With only two hosts, losing one leaves you at 50% and the system halts. Adding an external qdevice gives a third, independent vote so the healthy side keeps serving. In this setup, a failed host leaves 2/3 votes—about 66%—and operations continue.

“Designing quorum is not optional — it is the single control that prevents split-brain and data corruption.”

Where to host the qdevice matters: pick a neutral, stable site with low jitter and reliable reachability. We recommend a third network location—preferably outside the two production sites—so link failures don’t take the tie-breaker offline.

  • Monitor quorum status, corosync link health, and fencing events for early alerts.
  • Document runbooks: how to verify majority, steps when one host is isolated, and when to intervene manually.
  • Secure the qdevice with access controls and certificates so votes cannot be spoofed.

Need help choosing a neutral site for the qdevice? Message WhatsApp +639171043993. If you want to click expand your deployment options, contact us and we will guide placement, tests, and failure drills.

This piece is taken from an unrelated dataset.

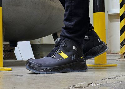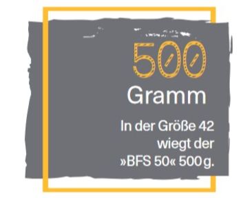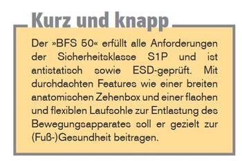 Der »BFS 50« erfüllt die Standards der Sicherheitsklasse S1P. Die mit Carbonfasern verstärkte Zehenschutzkappe ist nicht nur extra breit, sondern auch leicht und damit beim Tragen kaum wahrnehmbar. Ein besonderes Plus an Sicherheit bietet zudem der Durchtrittschutz aus Textil-Kevlar-Gewebe. Zusätzlich schützt die TPU-beschichtete Überkappe das Obermaterial zuverlässig vor Verschleiß.

Requirements and Planning: Hardware, Network, and Time

Good planning starts with clear hardware choices that match workload priorities and site realities. We size CPU and RAM to fit database, application, and analytics mixes, then map those needs to two comparable nodes.

Server specs, CPU/RAM sizing, and NIC planning

We recommend enterprise servers such as the Dell PowerEdge R750 for stronger vendor support. Design disk tiers with RAID10 for SSD performance, HDD for capacity, and mirrored boot devices for resilience.

Use redundant NICs—dual-port 25/100G for storage and separate 1/10G ports for management and VM uplinks. Validate PSU redundancy and out-of-band management. Get a sizing consult on WhatsApp +639171043993 before ordering servers and NICs.

Network latency and link redundancy considerations

Keep corosync round-trip times low to avoid false quorum events. Plan fiber as the primary link and an LTE/5G path as a control-plane failover. Document IP addressing, VLANs, and MTU from day one.

Philippines context: ISP stability and backup links

“Clusters depend on stable networking—low-latency links and a reliable third-vote location.”

  • Schedule implementation windows, soak tests, and rollback plans to reduce business impact.
  • Stock spare parts—fans, NICs, and SSDs—to cut mean time to repair.

Choosing Storage: ZFS Replication, Ceph, or SAN/NAS

Picking the right storage path sets expectations for downtime, cost, and daily operations. We evaluate three practical routes and match them to business needs in the Philippines.

When ZFS with periodic replication makes sense

ZFS on each server with 15-minute replication is cost-effective for small sites. It gives clear RPOs and keeps hardware simple.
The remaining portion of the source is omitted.